Preferred provider organization (PPO) plans allow members to get out-of-network care and see specialists without referrals.

Preferred Provider Organization (PPO) health insurance is the most common health plan offered in employer-sponsored health insurance.

PPOs have higher premiums than Health Maintenance Organization (HMO) plans, but they’re known for their flexibility, including members to get out-of-network care and not need primary care physician referrals to see specialists.

PPOs have lower copayments if you use doctors and other providers in the plan’s network, but you can also go to out-of-network providers for an additional cost.

Key Takeaways

  • Preferred provider organization plans offer more flexibility than other types of plans. 
  • PPOs are the most common type of employer-sponsored health insurance plans. 
  • Getting out-of-network care usually costs more and may mean more paperwork for you.
  • PPOs have higher premiums than other types of plans.

PPOs are the most common type of health insurance plan offered by employers — with 71% of the employers surveyed providing this type of plan to all or most of their workers, followed by high-deductible health plans (41%) and HMOs (28%), according to XpertHR’s 2021 Employee Benefits Survey.

Employees often have a choice of several plans. PPOs continue to be the most common type of plan selected.

In 2020, 51% of covered employees enrolled in PPOs, according to benefits consulting firm Mercer’s national survey of employer-sponsored health plans, compared to 38% in high-deductible health plans (HDHPs), which can be paired with a health savings account or health reimbursement account. Eleven percent chose HMOs.

Regionally, PPO enrollment ranges from 57% of covered employees in the South to 38% in the West, according to the Mercer study.

Here’s how PPOs compare with HMOs and HDHPs.
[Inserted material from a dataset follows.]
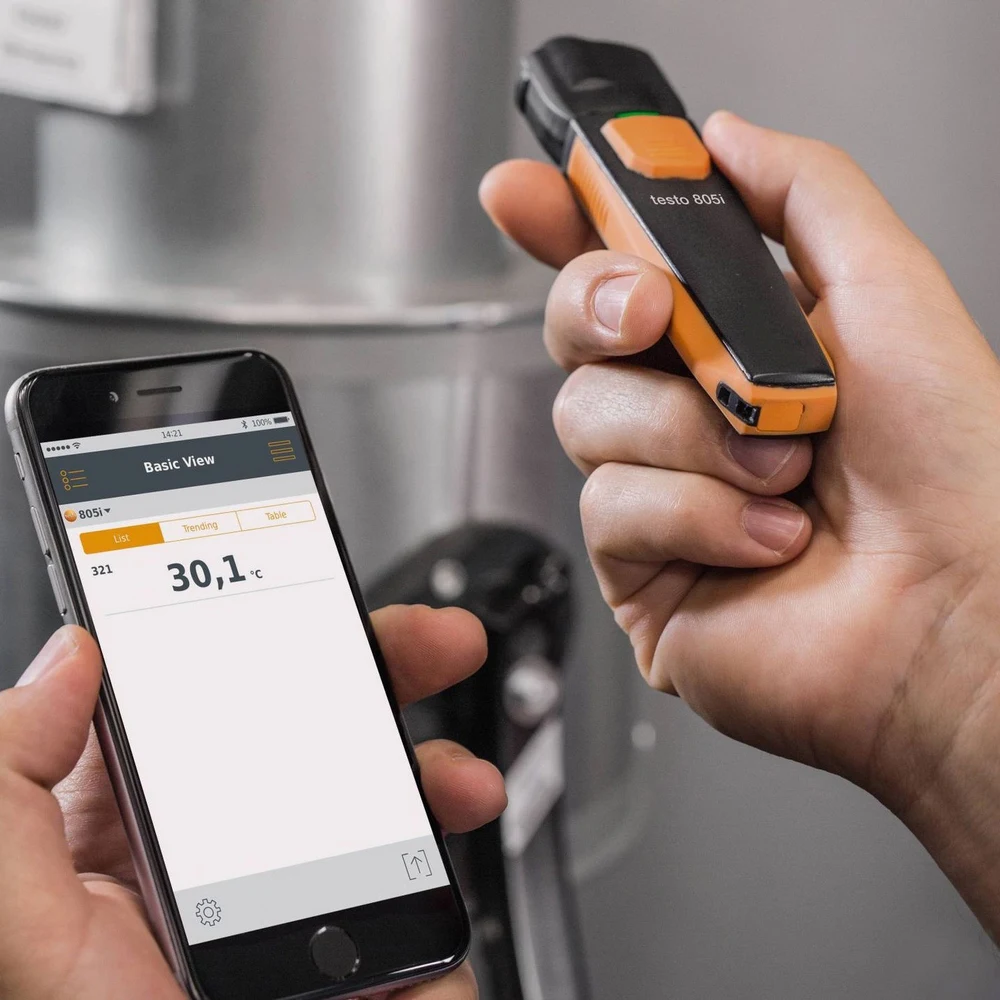 Testo 805i: Инфракрасный термометр ▶Бесконтактное инфракрасное измерение температуры поверхности ▶Измерительного пятна маркировки через хорошо видны 8-точечный лазерный круг ▶Простой выбор уровня выбросов через список сохраненных материалов ▶Документирование изображения с показаниями и измерительной точечной маркировкой Системные требования: IOS 8,3 или более поздней версии Android 4,3 или более поздней версии Bluetooth 4,0
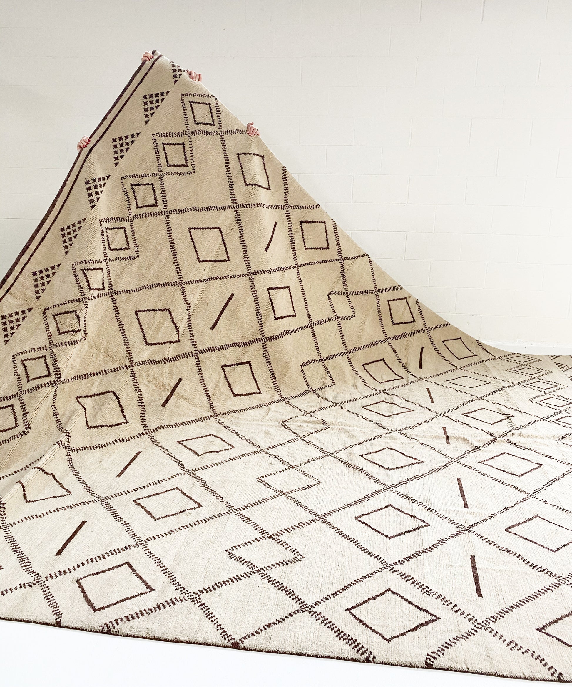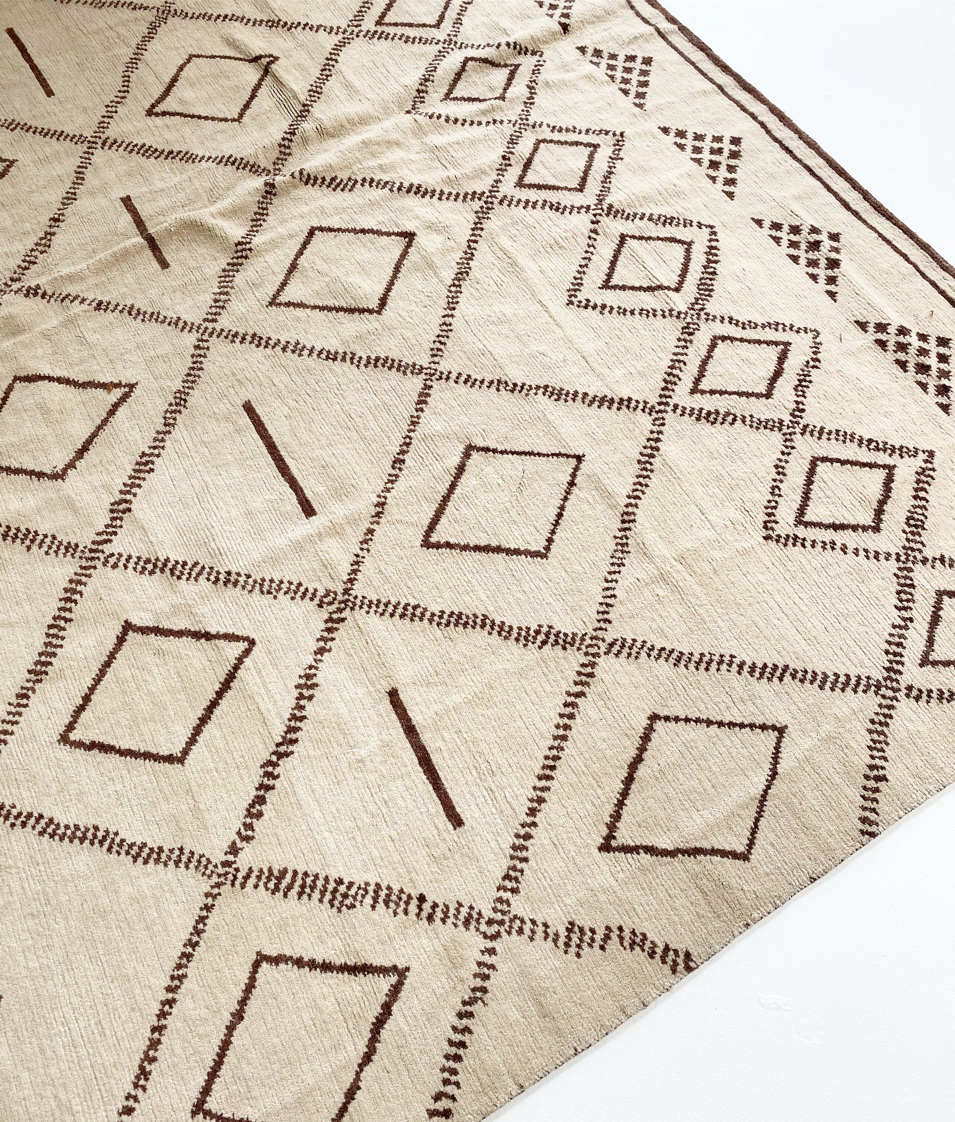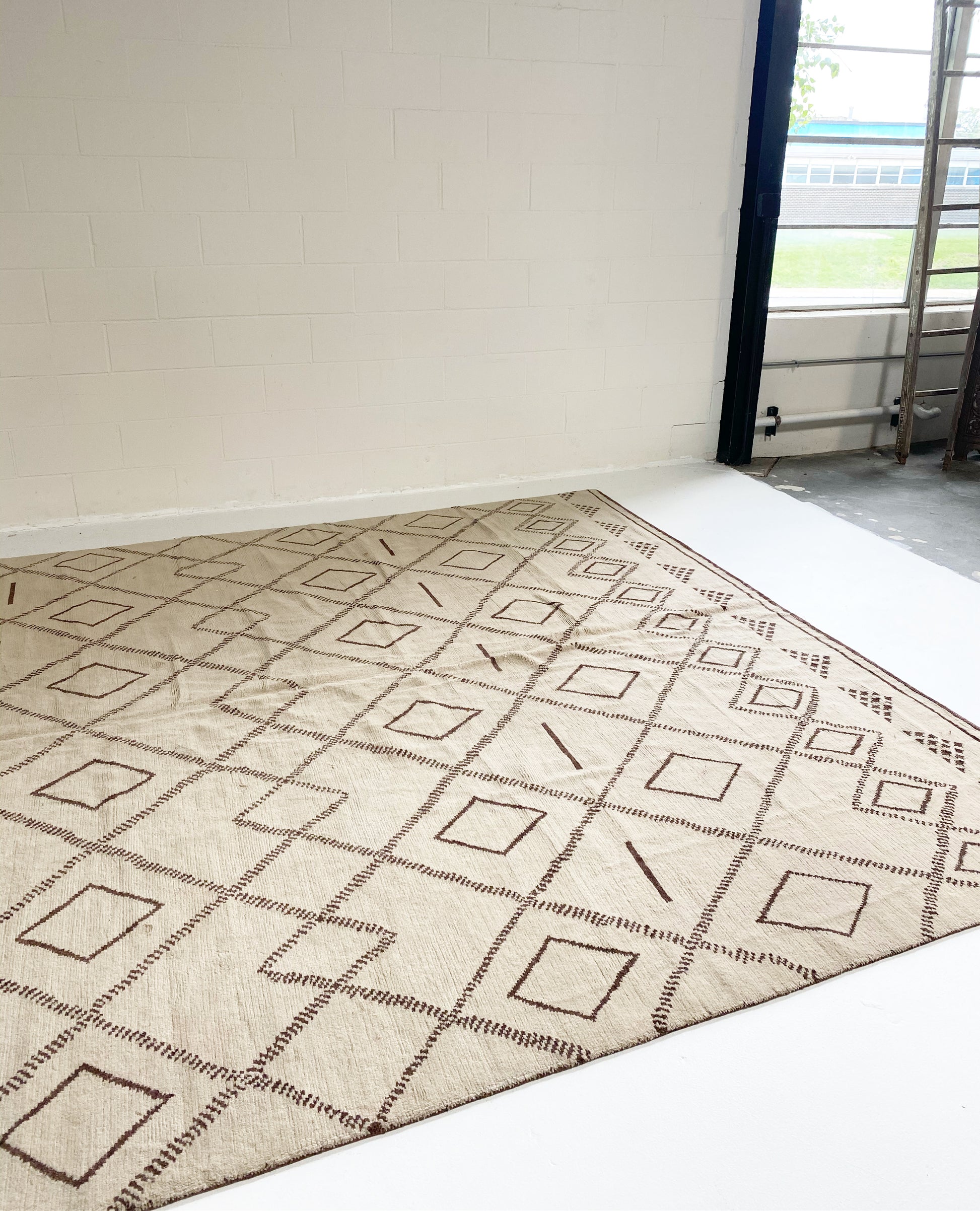 We collected this gorgeous Moroccan rug for its cozy cool feel. Perfect for the bohemian inspired living room, bedroom, or den.

Type of planAverage monthly premium for single coverageAverage monthly premium for family coverageAverage annual deductibleReferral to see specialistsOut-of-network care
PPO$111$501$1,204NoYes, but out-of network care is more expensive
HMO$101$440$1,201YesNo
HDHP$88$404$2,303VariesVaries

Source: Kaiser Family Foundation, 2020 Employer Health Benefits Survey. 

How does preferred provider organization (PPO) insurance work?

PPO plans have provider networks, but you’re not required to stay within the networks. You’ll pay less for in-network providers, but you can use out-of-network doctors and facilities, too.

You usually have to pay higher copayments and deductibles if you use health care providers that aren’t in the plan’s network, but the out-of-network care is still covered by the plan. Unlike an HMO, you don’t need to select a primary care physician to manage your care, and you don’t need a referral to see a specialist. However, you may have to receive prior approval from the plan before more expensive services are covered.

If you use an out-of-network provider, you may be responsible for extra paperwork, too. You may need to get preauthorization for certain services and have to submit the claim to the insurance company yourself. In-network providers generally complete this process themselves.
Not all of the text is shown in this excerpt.